Et tout comme le modèle du milieu du siècle induisait une cohésion sociale et économique, son éclatement a entraîné une fragmentation sociale et économique. Les gens ont commencé à s'habiller et à agir différemment. Ceux qui seraient plus tard appelés la « classe créative » sont devenus plus mobiles. Les personnes qui ne se souciaient pas beaucoup de la religion se sentaient moins obligées d'aller à l'église pour les apparences, tandis que celles qui l'aimaient beaucoup optaient pour des formes de plus en plus colorées. Certains sont passés du pain de viande au tofu, et d'autres aux Hot Pockets. Certains sont passés des berlines Ford aux petites voitures importées, et d'autres aux VUS. Les enfants qui allaient dans des écoles privées ou qui le souhaitaient ont commencé à s'habiller « preppy », et les enfants qui voulaient paraître rebelles ont fait un effort conscient pour avoir l'air peu recommandable. De cent façons, les gens se sont dispersés. [20]
Presque quatre décennies plus tard, la fragmentation continue d'augmenter. A-t-elle été globalement bonne ou mauvaise ? Je ne sais pas ; la question est peut-être sans réponse. Pas entièrement mauvais cependant. Nous tenons pour acquis les formes de fragmentation que nous aimons, et nous ne nous inquiétons que de celles que nous n'aimons pas. Mais en tant que quelqu'un qui a vécu la fin du conformisme du milieu du siècle, je peux vous dire que ce n'était pas une utopie. [21]

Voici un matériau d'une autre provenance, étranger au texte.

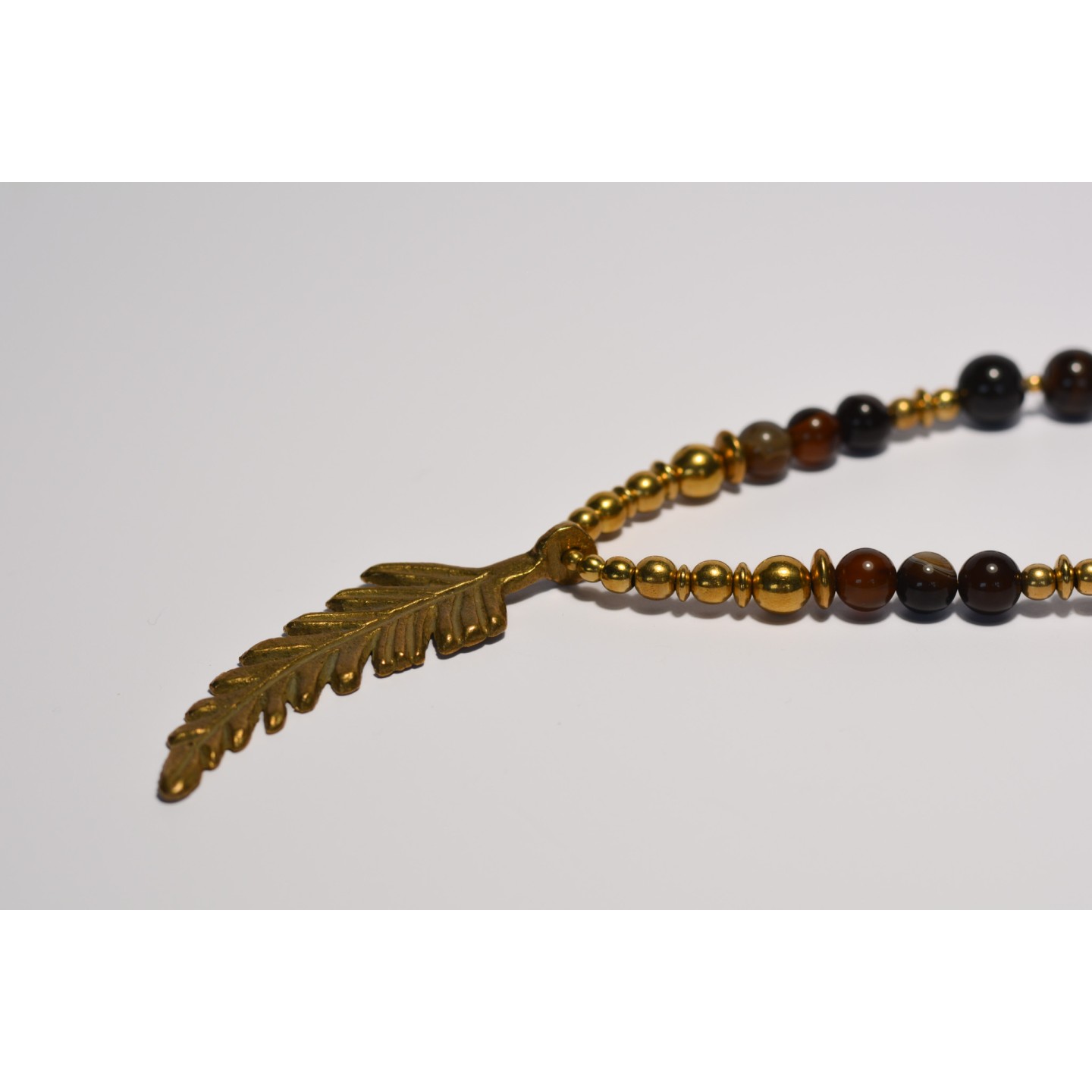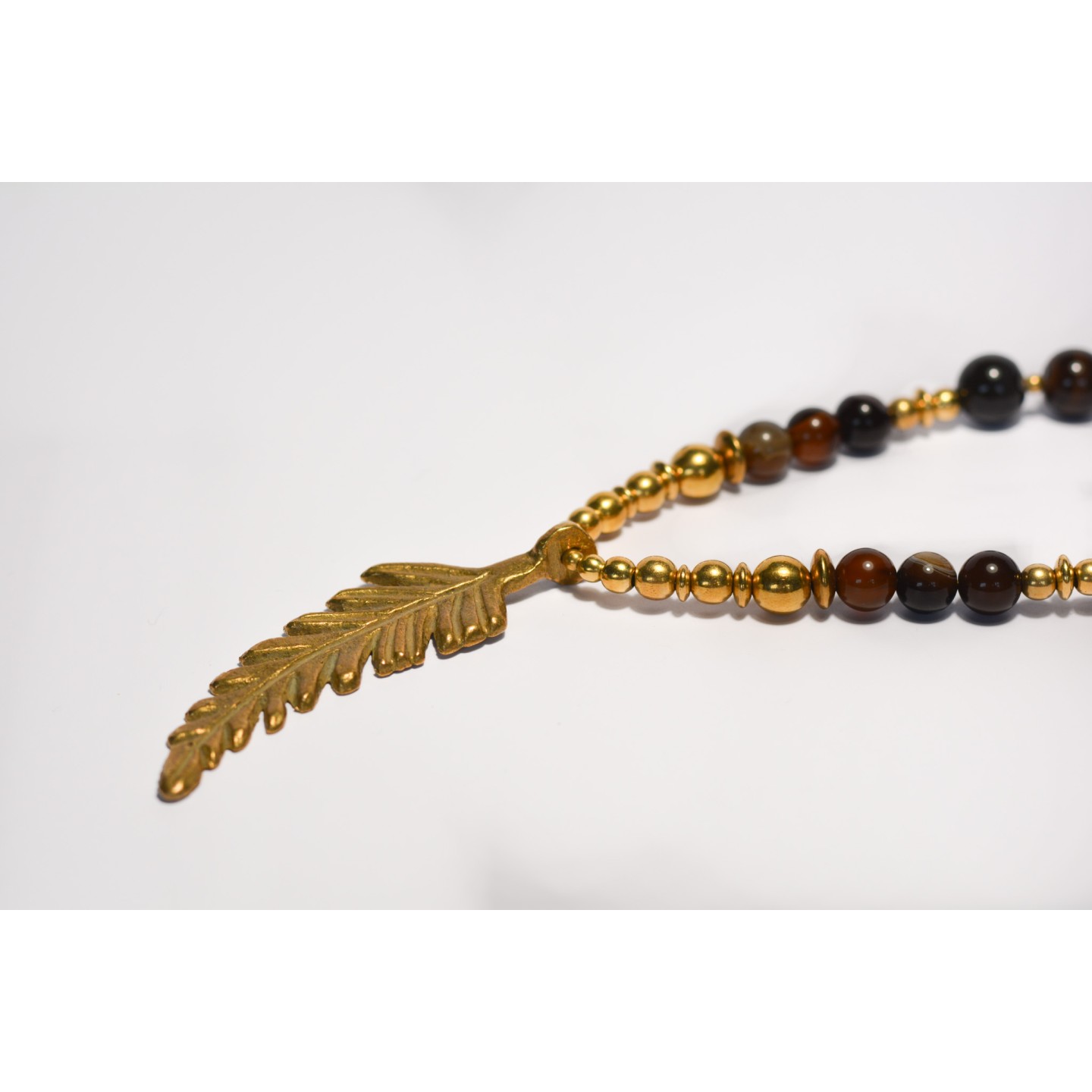 Perles naturelles d'Agate marron, diamètre 8mm et 10mm. Perles naturelles d'Agate à facettes au centre. Pendentif : Plume en bronze. Montage : Laiton. Mesure :

Mon objectif ici n'est pas de dire si la fragmentation a été bonne ou mauvaise, mais d'expliquer pourquoi elle se produit. Avec les forces centripètes de la guerre totale et de l'oligopole du XXe siècle qui ont presque disparu, que se passera-t-il ensuite ? Et plus précisément, est-il possible d'inverser une partie de la fragmentation que nous avons observée ?
Si c'est le cas, cela devra se faire de manière progressive. Vous ne pouvez pas reproduire la cohésion du milieu du siècle telle qu'elle a été produite à l'origine. Ce serait insensé de faire la guerre juste pour induire plus d'unité nationale. Et une fois que vous comprenez à quel point l'histoire économique du XXe siècle était une version 1 de faible résolution, il est clair que vous ne pouvez pas la reproduire non plus.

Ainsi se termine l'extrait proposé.